Church in vigil receives new status
BRIGHTON — Just over a year after reopening St. Anselm Church in Sudbury as a chapel of a Framingham parish, Cardinal Seán P. O’Malley has taken the additional step of establishing the church as the only rectorate in the archdiocese.
Rectorates differ from parishes in that they have no territory. St. Anselm’s former territory has been divided between Our Lady of Fatima Parish in Sudbury and St. George Parish in Framingham.
The St. Anselm Community will include former members of St. Anselm Parish who live in the parish’s former territory, families who worship regularly at the church, and those who were members of the parish and have moved out of the territory.
The decree, effective June 3, states that the church building, rectory and property belong to the Archdiocese of Boston and will be administered by a rector. The decree also states it only valid until the Vatican rules on an appeal of suppression of St. Anselm’s Parish.
Like a pastor or parish administrator, the rector will administer the sacraments of baptism, Eucharist, confirmation, marriage and anointing of the sick for community members as well as perform funerals. The rector can also establish religious education, first Communion and Rite of Christian Initiation of Adults programs for members of the community and must establish a finance and a pastoral council.
Tufts University chaplain Father David M. O’Leary has been named rector of St. Anslem’s and will also continue his work at the university.
“I pray that you will have a zealous and fruitful ministry in your new appointment as rector at St. Anselm Church. May God bless you in all your endeavors,” the cardinal wrote in Father O’Leary’s appointment letter.
After St. Anselm Parish was closed on Sept. 15, 2004, a group of former parishioners began a 24-hour vigil, the second in response to reconfiguration in the archdiocese.
On March 31, 2005 Cardinal O’Malley announced that he had accepted all the recommendations of the Reconfiguration Review Committee, which he appointed in October 2004 to review the reconfiguration process. The committee’s recommendations included reopening one parish and modifying the status of three others, including St. Anselm’s, which became a chapel of St. George Parish in Framingham.
Though former St. Anselm’s parishioners gathered for an evening of prayer, song and discussion in reaction to the decision, several also vowed to continue the vigil until all lingering concerns were resolved.
The archdiocese announced on Jan. 14 this year that the Vatican’s Congregation for the Clergy announced that it would not intervene in the cases of 10 parish closures. The congregation had previously denied another appeal.
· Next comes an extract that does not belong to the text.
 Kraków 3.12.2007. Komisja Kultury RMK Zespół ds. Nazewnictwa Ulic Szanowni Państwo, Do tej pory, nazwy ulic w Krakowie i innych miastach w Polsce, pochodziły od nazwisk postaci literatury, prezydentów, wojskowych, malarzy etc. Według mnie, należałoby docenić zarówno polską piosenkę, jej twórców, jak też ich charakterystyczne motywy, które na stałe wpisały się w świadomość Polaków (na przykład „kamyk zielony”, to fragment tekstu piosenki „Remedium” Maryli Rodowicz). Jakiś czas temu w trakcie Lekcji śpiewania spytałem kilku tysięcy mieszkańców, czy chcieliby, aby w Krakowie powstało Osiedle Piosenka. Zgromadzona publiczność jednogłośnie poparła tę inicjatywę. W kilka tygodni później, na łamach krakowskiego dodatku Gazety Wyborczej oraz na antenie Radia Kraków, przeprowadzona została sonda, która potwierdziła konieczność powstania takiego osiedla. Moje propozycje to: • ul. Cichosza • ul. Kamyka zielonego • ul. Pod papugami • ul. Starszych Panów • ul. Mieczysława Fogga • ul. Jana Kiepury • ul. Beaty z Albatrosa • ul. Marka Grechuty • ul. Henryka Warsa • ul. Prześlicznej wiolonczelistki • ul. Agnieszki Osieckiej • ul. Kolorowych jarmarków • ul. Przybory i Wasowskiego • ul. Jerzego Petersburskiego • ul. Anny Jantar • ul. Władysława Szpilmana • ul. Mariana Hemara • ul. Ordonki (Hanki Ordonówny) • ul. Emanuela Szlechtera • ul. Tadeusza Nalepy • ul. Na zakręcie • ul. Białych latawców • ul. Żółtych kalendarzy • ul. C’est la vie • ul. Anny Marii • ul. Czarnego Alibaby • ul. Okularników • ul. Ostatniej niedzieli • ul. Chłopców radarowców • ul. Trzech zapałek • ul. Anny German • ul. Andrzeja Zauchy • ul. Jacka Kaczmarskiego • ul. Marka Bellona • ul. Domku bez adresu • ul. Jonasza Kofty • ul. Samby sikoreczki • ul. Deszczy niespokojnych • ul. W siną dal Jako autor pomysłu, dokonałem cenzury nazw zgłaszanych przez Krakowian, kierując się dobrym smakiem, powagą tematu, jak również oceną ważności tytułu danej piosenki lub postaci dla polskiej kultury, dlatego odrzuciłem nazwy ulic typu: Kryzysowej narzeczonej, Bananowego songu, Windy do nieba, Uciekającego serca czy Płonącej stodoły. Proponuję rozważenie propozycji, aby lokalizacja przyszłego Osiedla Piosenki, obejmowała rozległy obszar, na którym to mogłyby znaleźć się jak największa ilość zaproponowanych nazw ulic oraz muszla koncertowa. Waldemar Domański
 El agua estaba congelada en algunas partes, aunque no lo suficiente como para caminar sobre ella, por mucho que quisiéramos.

Members of eight of those former parishes, including St. Anselm’s, took their cases to the next, and highest, level of appeal available: the Apostolic Signatura. All eight former parishes are represented on the Council of Parishes, a lay group formed in response to parish closures.
This pending recourse necessitated that the decree establishing the St. Anselm Community as a rectorate be contingent on the appeal’s outcome, according to Father Mark O’Connell, assistant for canonical affairs of the archdiocese.
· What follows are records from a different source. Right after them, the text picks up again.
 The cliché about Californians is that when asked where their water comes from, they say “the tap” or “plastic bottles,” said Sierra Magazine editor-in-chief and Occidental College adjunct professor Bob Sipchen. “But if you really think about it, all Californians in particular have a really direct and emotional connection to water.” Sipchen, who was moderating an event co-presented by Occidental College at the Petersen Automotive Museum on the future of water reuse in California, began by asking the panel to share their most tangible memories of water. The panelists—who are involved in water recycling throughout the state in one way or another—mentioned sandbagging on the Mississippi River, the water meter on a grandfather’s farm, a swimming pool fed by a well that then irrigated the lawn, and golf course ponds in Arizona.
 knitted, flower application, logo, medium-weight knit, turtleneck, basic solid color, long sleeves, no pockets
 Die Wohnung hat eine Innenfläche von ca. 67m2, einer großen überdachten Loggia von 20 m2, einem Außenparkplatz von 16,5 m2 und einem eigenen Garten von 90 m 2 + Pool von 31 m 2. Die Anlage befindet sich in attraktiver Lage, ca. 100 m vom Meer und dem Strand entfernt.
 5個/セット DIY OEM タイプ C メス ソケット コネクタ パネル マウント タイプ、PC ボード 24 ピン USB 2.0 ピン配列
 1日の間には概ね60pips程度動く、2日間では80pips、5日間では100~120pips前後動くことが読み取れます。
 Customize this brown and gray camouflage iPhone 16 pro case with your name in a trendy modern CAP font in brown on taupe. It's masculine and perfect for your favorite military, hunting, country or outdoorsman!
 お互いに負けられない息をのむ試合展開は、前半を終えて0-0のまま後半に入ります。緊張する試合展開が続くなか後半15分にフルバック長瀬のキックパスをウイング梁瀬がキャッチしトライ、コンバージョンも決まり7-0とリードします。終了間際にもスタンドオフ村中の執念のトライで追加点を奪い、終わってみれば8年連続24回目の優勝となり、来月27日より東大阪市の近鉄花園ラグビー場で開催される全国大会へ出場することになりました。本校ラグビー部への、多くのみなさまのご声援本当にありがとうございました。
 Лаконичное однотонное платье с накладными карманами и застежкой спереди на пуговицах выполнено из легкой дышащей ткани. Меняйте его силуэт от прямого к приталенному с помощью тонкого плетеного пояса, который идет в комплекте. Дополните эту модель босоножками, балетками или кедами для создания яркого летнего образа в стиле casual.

“It’s temporary so that we can respect their recourse in Rome,” he said. “We have fully respected that since the beginning.”
Jack Ryan, a spokesman for St. Anselm’s, agreed.
“Because of the pendency of the appeal, it was difficult, under Canon Law, to make the decree permanent,” he said. “We expect to receive a letter from the cardinal stating that it is his intention that even if the appeal is denied, the rectorate at St. Anselm would continue.”
Ryan said the decree is a result of months of discussions with Cardinal O’Malley and if such a letter were issued it could lead to the end of the community’s 20-month vigil.
So far the reaction from St. Anselm Community members has been “very good” and the decree provided the “fully functioning church” they were hoping for with religious education, baptisms, weddings, funerals and pastoral and finance councils, he added.
Council of Parishes’ co-founder Peter Borre noted that the process at St. Anselm’s may be an option for other closed parishes.
“St. Anselm’s will have the status of somewhere between a parish, which it will not be, and a chapel, which it will not be,” he said. “This may be a model for other parishes in vigil.”